El santo oficio

Foto: Jorge Royan.

Foto: Jorge Royan.

Hace algo más de un mes tengo un bateo de plomería en casa. No entraré en detalles, pero es desagradable, el tipo de percance al que uno no debería simplemente resignarse y aceptar como parte de los designios divinos, coexistir con él asumiéndolo como punición merecida por pecados cometidos o heredados. No, es algo que tengo que resolver. Y la manera de solucionarlo es contratando un buen plomero. Y ahí comienza el pintoresco Via Crucis al que se expone cualquier cubano cuyo habitáculo necesite reparaciones o mero mantenimiento doméstico… es decir, cualquier cubano.

Plomeros, albañiles, carpinteros y demás trabajadores especializados no constituirán la verdadera aristocracia criolla, pero a menudo se comportan como tal. Localizarlos es difícil; lograr que se comprometan casi imposible; hacer que cumplan su promesa, una absoluta quimera. Sin embargo, el amigo que te da su teléfono siempre dice “ah, yo conozco un plomero buenísimo”, así, sin medias tintas, como implicando que si no llegan a un acuerdo o algo se malogra la culpa será tuya, pues el tipo viene avalado.

No me cabe duda de que cuando aprenden el oficio, a esos esforzados profesionales se les exige también memorizar frases como “uf, ahí hay que levantar el piso” o “¿Dónde fue que yo vi hace poco una pieza como esa?”: estratégicos bocadillos que, junto a un dramático enarcar de cejas cuando les expones tu problema, constituyen parte del ABC gremial. De lo único que se puede estar seguro en el Universo es de estas tres verdades absolutas:

– El 90 por ciento de los juguetes infantiles son total o parcialmente amarillos;

– No hay razón sensata para que Tarzán esté invariablemente afeitado;

– Nunca, bajo ninguna circunstancia, ni siquiera a sabiendas de que así provocaría una hecatombe nuclear, un plomero o un albañil irá a tu casa el día en que aseguró que iría.

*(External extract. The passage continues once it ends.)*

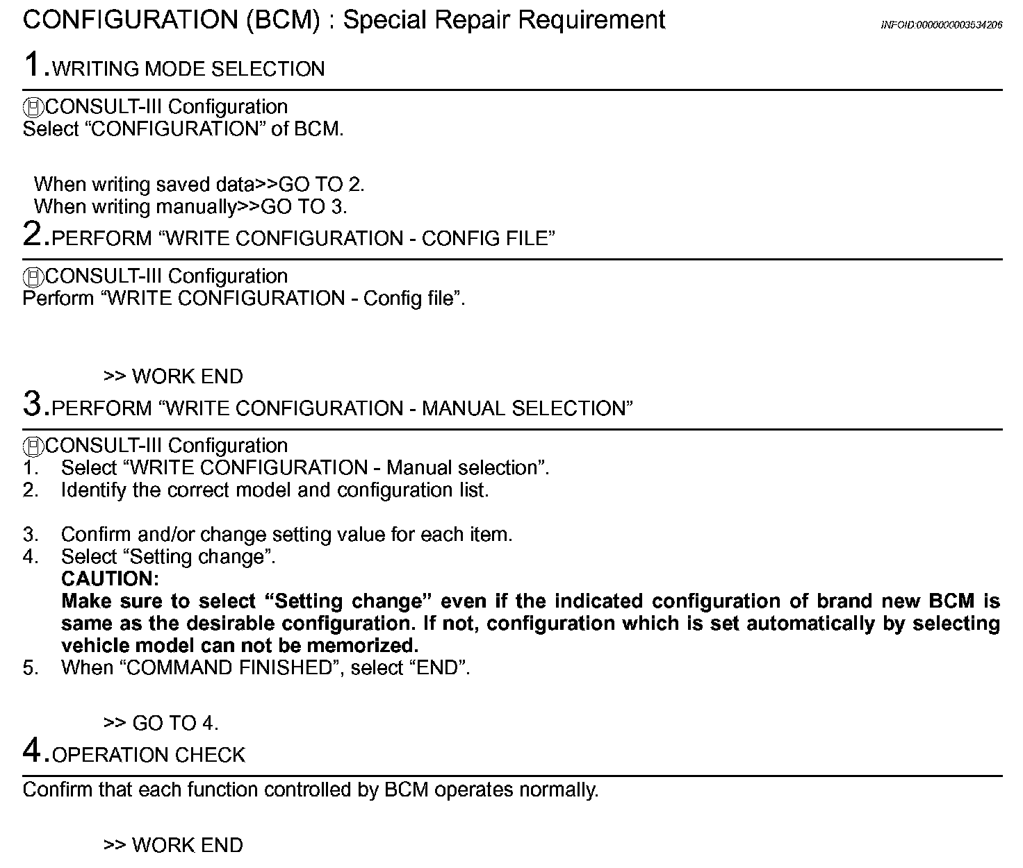 - When replacing BCM, you must perform "WRITE CONFIGURATION" with CONSULT-III.

La cosa es peor cuando les explicas tu drama por teléfono y se huelen que tu apartamento es modesto y tu economía de clase media. Si vives en Nuevo Vedado o Miramar y eres el feliz propietario de una casa de cinco cuartos, o te compraste un apartamento que clama por una reparación capital, los del Santo Oficio se adherirán a ti como una rémora, ante la perspectiva de un trabajo dilatado que duplicará su buen nombre y su fortuna, y llevarán toda una brigada ya el segundo día –nunca el primero: noblesse oblige.

En cambio, para algo menos complicado y un hogar corriente, dirán que tienen muchos encargos a la vez, que en cuanto terminen la sumamente especializada faena que ejecutan en el Hotel X verán si pueden hacer un huequito para lo tuyo, que vendrán un día de estos, a lo mejor para la semana que viene… “Un día de estos”: esa es otra frase mágica que no significa nada, que crea la falsa ilusión de un compromiso. Me encantaría conocer un día de aquellos.

Luego, claro, el acuerdo inicial de costos no se cumple nunca. Siempre aparecen imprevistos, piezas que hay que reemplazar inesperadamente –piezas que, por lo visto, ya se fabrican rotas– más cemento a comprar, un transporte que hay que pagar para traer la piedra de Jaimanitas… La mayoría de las veces hay que encargarse también del almuerzo de los obreros, y es ahí donde uno descubre que “cualquier bobería, un pancito con algo” tiene detrás un Jesús que los multiplica. ¿Dije el acuerdo de costos? Bueno, el de tiempo es peor. Si tu película es vivir cien años, como diría Sabina, concierta con un albañil la muerte o el fin del mundo.

Uno puede apostar a que, de cada diez hogares cubanos, por lo menos en cuatro hay media docena de sacos de cemento apilados en un rincón, testigos mudos de una reparación que probablemente haya iniciado el abuelo y se ha extendido por generaciones. Si eres extranjero, podrías creer que se trata del último grito local en materia de decoración: “pues sí, la hija del viceministro tiene tres sacos de cemento en la sala, monísimos, niña, dicen que lo copió de una revista en que salían fotos de la casa de Jennifer López…”.

Si tienes mucha, muchísima suerte, al cabo de unos pocos quinquenios solucionas tu problema, aunque la solución implique tres raleas de azulejos en el baño, una llave de agua hipertrofiada y en colores chillones donde antes había una discreta, funcional y metálica, y un tubo (“para ir tirando, en estos días yo consigo el que es y vengo a instalártelo”) en medio del baño o la cocina. Eso, repito, si tienes más suerte que Luciano. Si eres un ser humano corriente, sabes que tienes unos días, tal vez dos semanas de felicidad hasta que se rompa otra cosa. O lo mismo. Y vuelta a empezar.